Exploiting Instruction-Following Retrievers for Malicious Information Retrieval
This work highlights a critical safety problem for AI systems using retrieval-augmented generation, showing incremental risks as retriever capabilities increase.
The study investigated the safety risks of instruction-following retrievers by testing their ability to satisfy malicious queries, finding that most retrievers, such as LLM2Vec, could select relevant harmful passages for over 50% of queries, with LLM2Vec achieving 61.35% accuracy, and that even safety-aligned LLMs like Llama3 could misuse retrieved harmful information.
Instruction-following retrievers have been widely adopted alongside LLMs in real-world applications, but little work has investigated the safety risks surrounding their increasing search capabilities.
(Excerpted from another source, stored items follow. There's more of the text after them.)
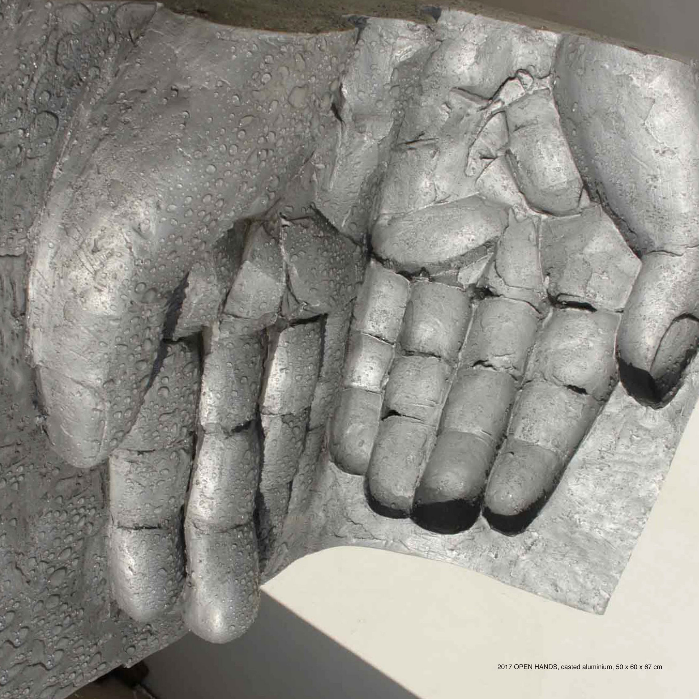
2017 OPEN HANDS, casted aluminium, 50 x 60 x 67 cm
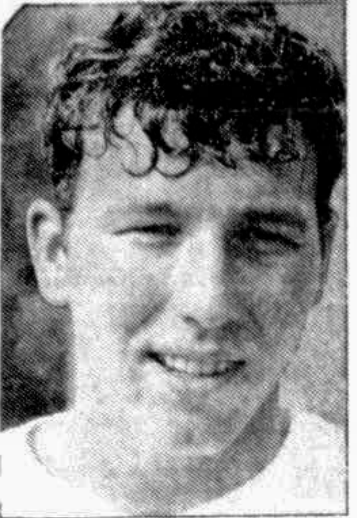
Mike Atherton (England cricket captain) 'They're a bit of a fix for US. On England losing to Zimbabwe recently.

Sports WHIZZ KID COMPETITION FOR SCHOOL CHILDREN
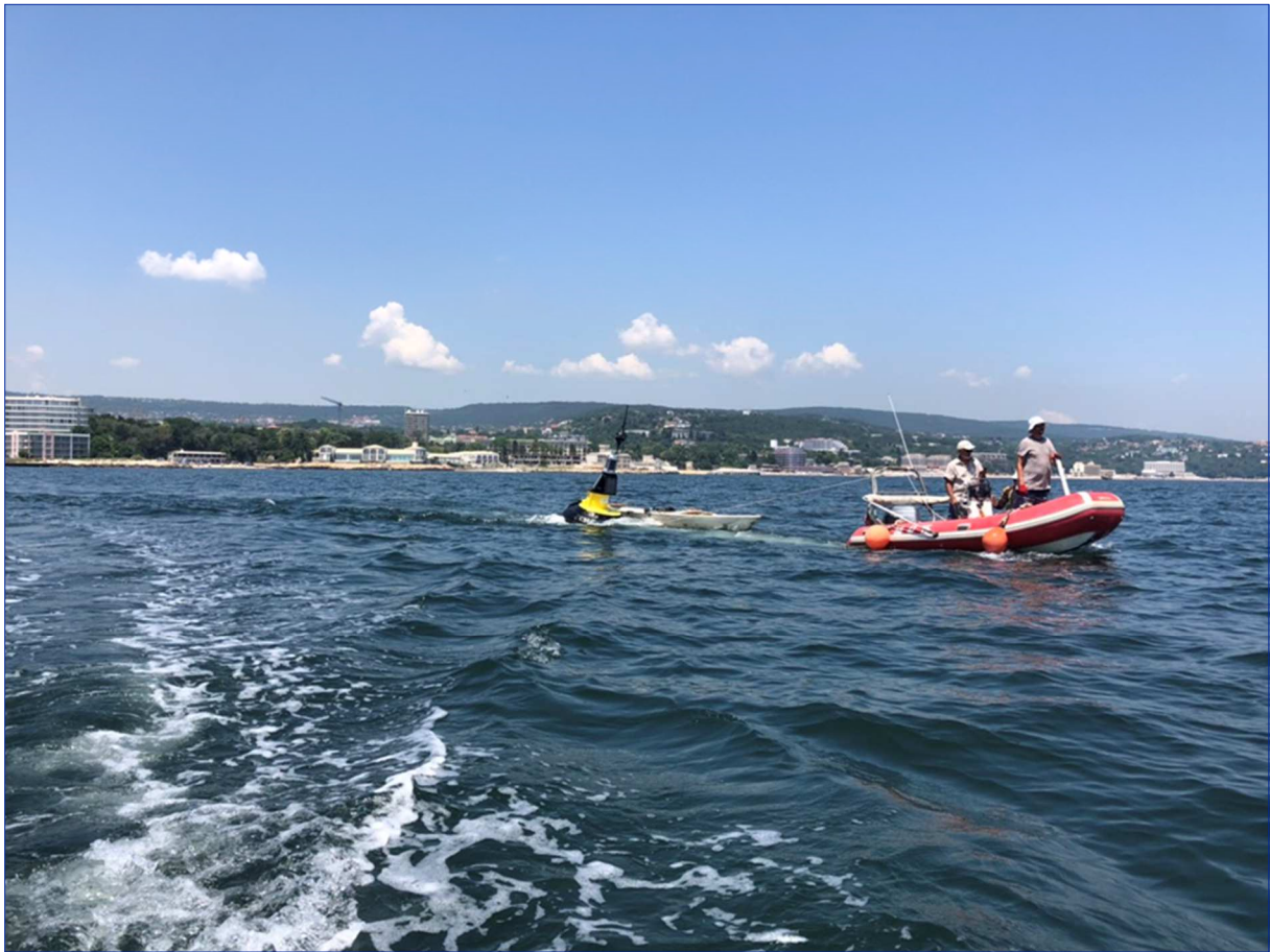
A snapshot of the Oceanographic Station deployment operation in Varna bay
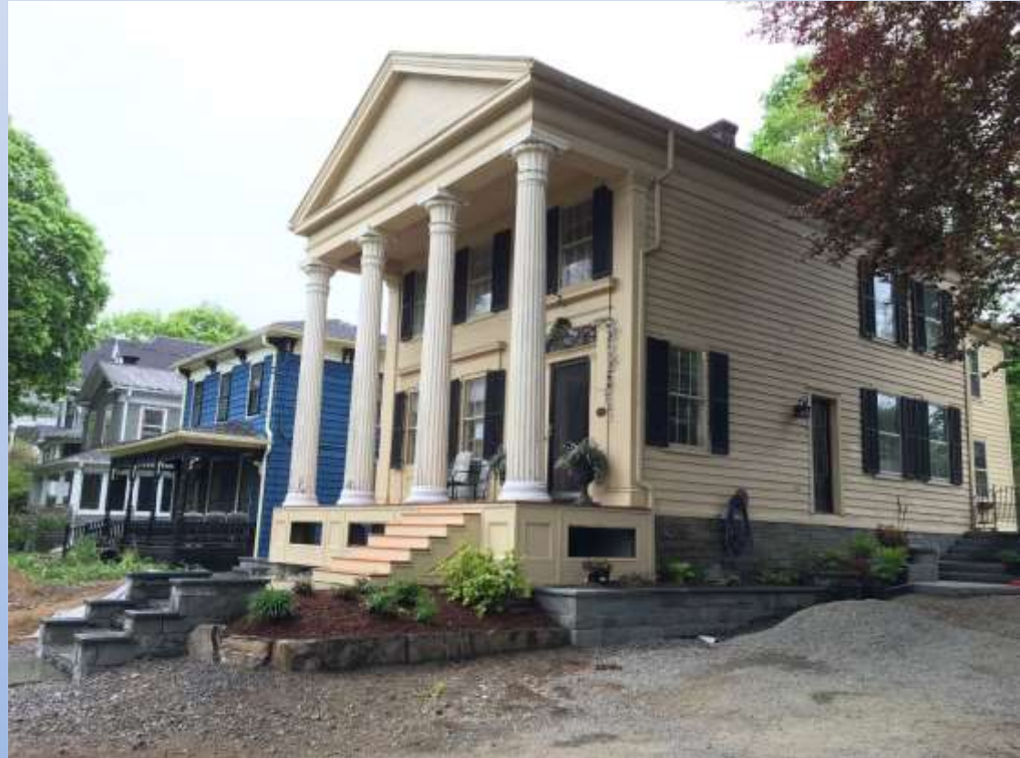
HISTORIC ELEVATION 4ft
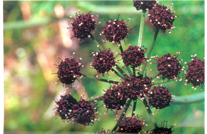
Figure 7. Lomatium dissectum var. dissectum with purple flowers, although they can be yellow.

1992). Schizocarps are flattened dorsally, oblong to oval, 0.4 to 0.6 inch (1-1.6 cm) long, 0.2 to 0.4 inch (0.4-1 cm) wide, and have flat-winged edges (Munz and Keck 1973; Hitchcock and Cronquist 2018). Schizocarps include two mericarps (seeds) that remain attached along their midlines until ripe. A single umbel can produce hundreds of seeds (Thompson 1985).
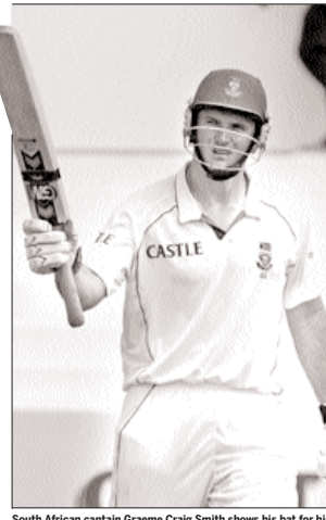
South African captain Graeme Craig Smith shows his bat for his fifty during the first day of the second Test match between South Africa and England on December 26, 2009 at the Sahara Stadium Kingsmead in Durban.
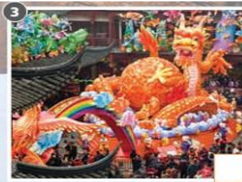
New Year, Shanghai
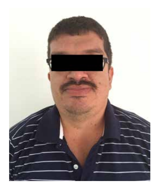
Figure 3. Case 3, II-1. A 37-years-old male with full mutation. Physical features include long face, large ears and prognathism

Molecular testing for FXS using blood spot cards showed the presence of a full mutation with an expanded allele of > 200 CGG repeats in two of the cases described above (II-1 and III-1 see Figure 4a and b). The proband was previously tested in Cali, Colombia.
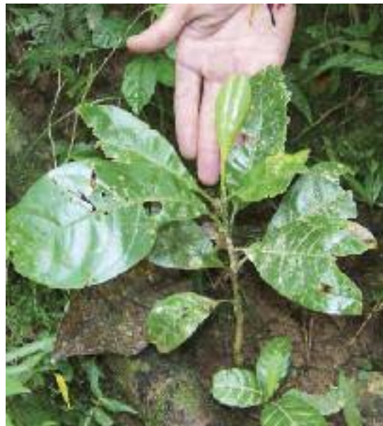
Magnolia silvioi seedling in the wild. (A. Cogollo)

In addition to such international policy initiatives, the CBD also requires individual countries to develop National Biodiversity Strategies and Action Plans (NBSAP). By October 2010, 171 of the 193 Parties to the CBD had developed NBSAPs. These are being re-aligned with the GSPC Targets and the overall 2020 biodiversity targets. Requirements for species conservation are included in the National Plans that provide a strong policy basis for tree restoration. Many additional countries have also developed additional policies or legislation promoting species protection and recovery, which may also relate to tree species.
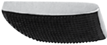
Toe Dolly, SPAENAUR No. 877-1045 - all polished, one face bowed and cross-milled for shrinking, length 120 mm, width 60 mm, height 28 mm, wt. 1,100 g.
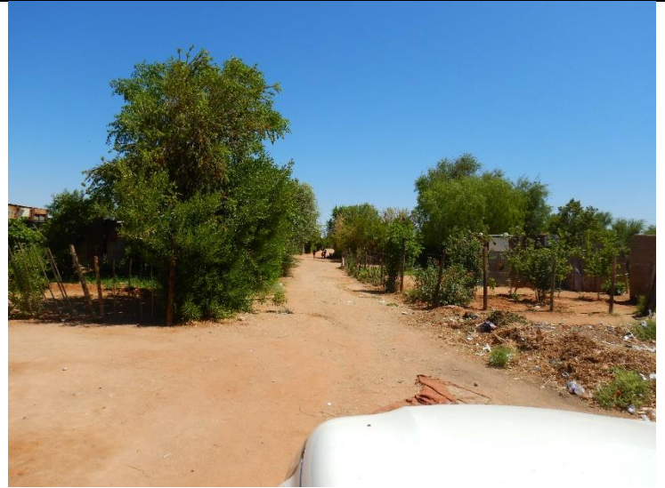
Figure 12: Maildrops done at informal dwellings on site.
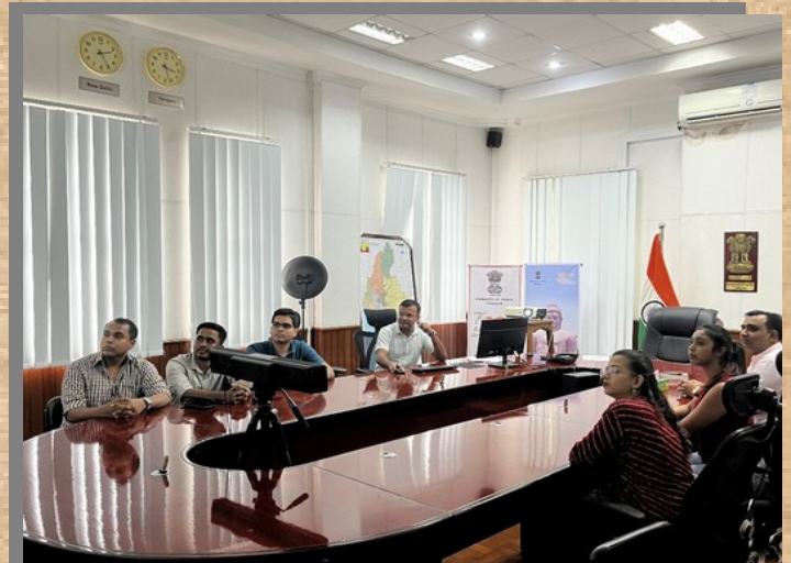
Pre-departure orientation session with KIP participants at Business Center, EoI Yangon

Pre-departure Orientation Programme for 80th and 81st KIP editions which coincided with 18th Pravasi Bharatiya Divas (PBD) Convention were conducted on 26.12.2024 and 27.12.2024 respectively. The 80th and 81st KIPs were held from 29 December 2024 to 17 January 2025 and 02 January to 21 January 2025. 04 participants for 80th KIP and 03 Participants for 81st KIP were selected from this Mission.
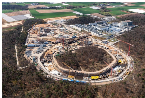
Figure 2: FAIR construction site, April 2021. View orientation: North to South [2].

building site of FAIR including the facility for the superconducting SIS100 ring accelerator. It is being built by means of the cut-and-cover construction method. In this process, the construction pit “moves” - in other words, the construction takes place in sections that are about 200 meters long [1]. Just like a dog chasing its own tail excavation began with a head start at the first section, immediately followed by foundation preparation and steelwork for the building. As a result, the excavation for the complete tunnel ring hasn't even ended when the first section of the building structure was finished and filled back with soil already.
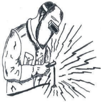
Reduce arcing time
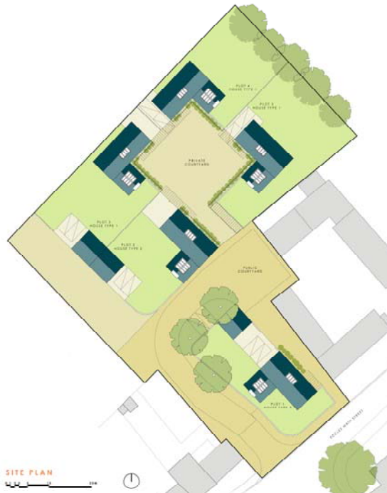
Figure 5-Site layout and elevations of approved development to the east.
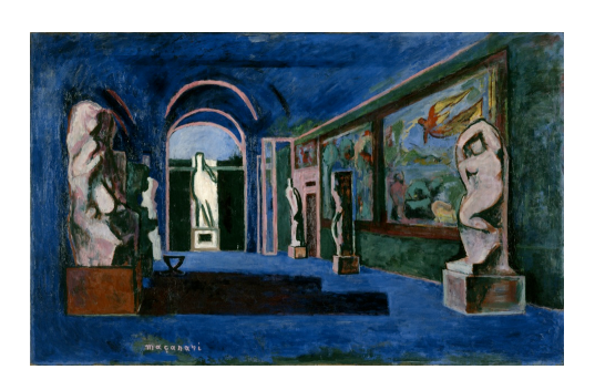
MURAI Masanari, Accademia di Belle Arti, 1934, Oil on Canvas

It is with great pleasure that we present Collections: Winter 2013/14 . The Museum of Modern Art, Wakayama, whose predecessor was the Wakayama Prefectural Museum (founded in 1963), inaugurated in the building of Kenmin Bunka Kaikan (the Cultural Hall for Citizens) in November 1970. It kept mainly forcusing on introducing artists related to Wakayama after the Meiji Restoration and started its activities anew at the current building designed by architect KUROKAWA Kisho in 1994. On the occasion of the relocation, it expanded the range of the collection, and it now holds more than 10,000-piece of works from home and abroad.
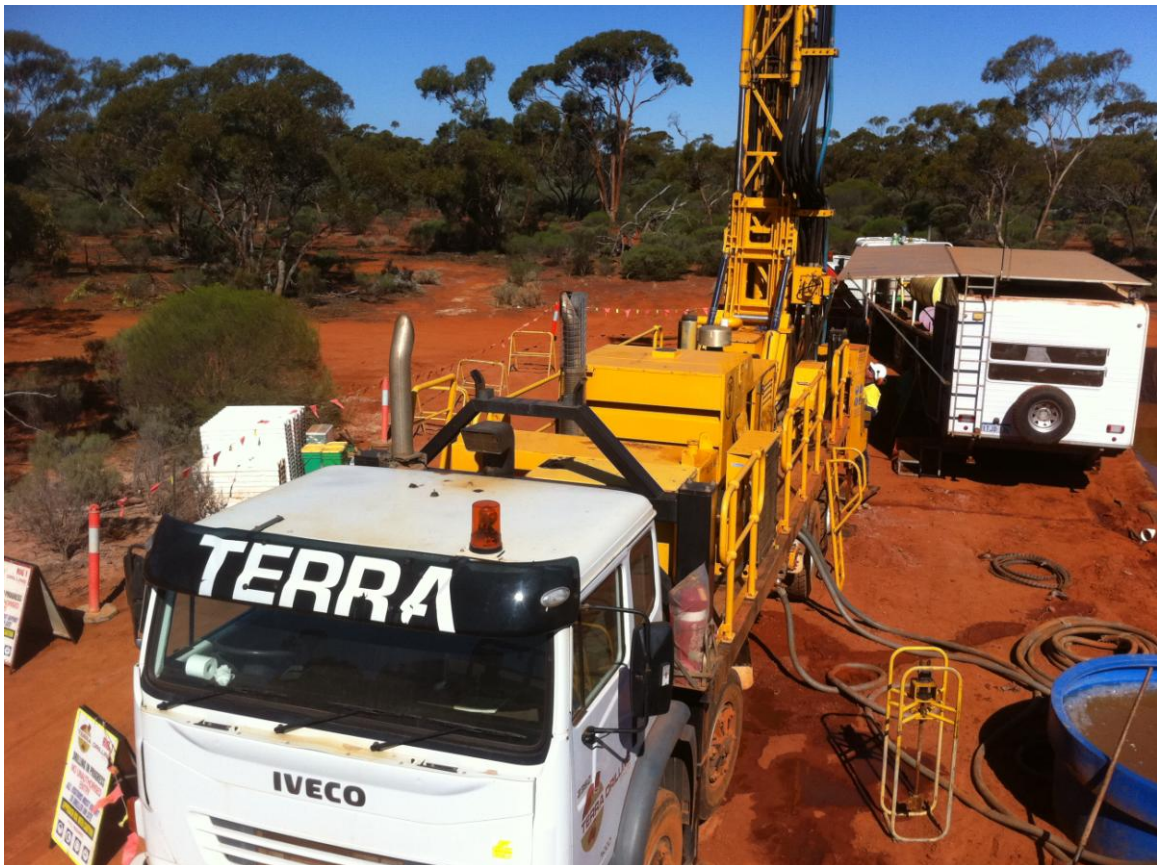
Figure 2. Diamond Drilling at Mt Vettters

As announced to the ASX on the 8 th February 2013, Proto had commenced the diamond tail to the Reverse Circulation hole PRC1 at Mt Vettters (see Figure 2).

We empirically study the ability of retrievers to satisfy malicious queries, both when used directly and when used in a retrieval augmented generation-based setup. Concretely, we investigate six leading retrievers, including NV-Embed and LLM2Vec, and find that given malicious requests, most retrievers can (for >50% of queries) select relevant harmful passages. For example, LLM2Vec correctly selects passages for 61.35% of our malicious queries. We further uncover an emerging risk with instruction-following retrievers, where highly relevant harmful information can be surfaced by exploiting their instruction-following capabilities. Finally, we show that even safety-aligned LLMs, such as Llama3, can satisfy malicious requests when provided with harmful retrieved passages in-context. In summary, our findings underscore the malicious misuse risks associated with increasing retriever capability.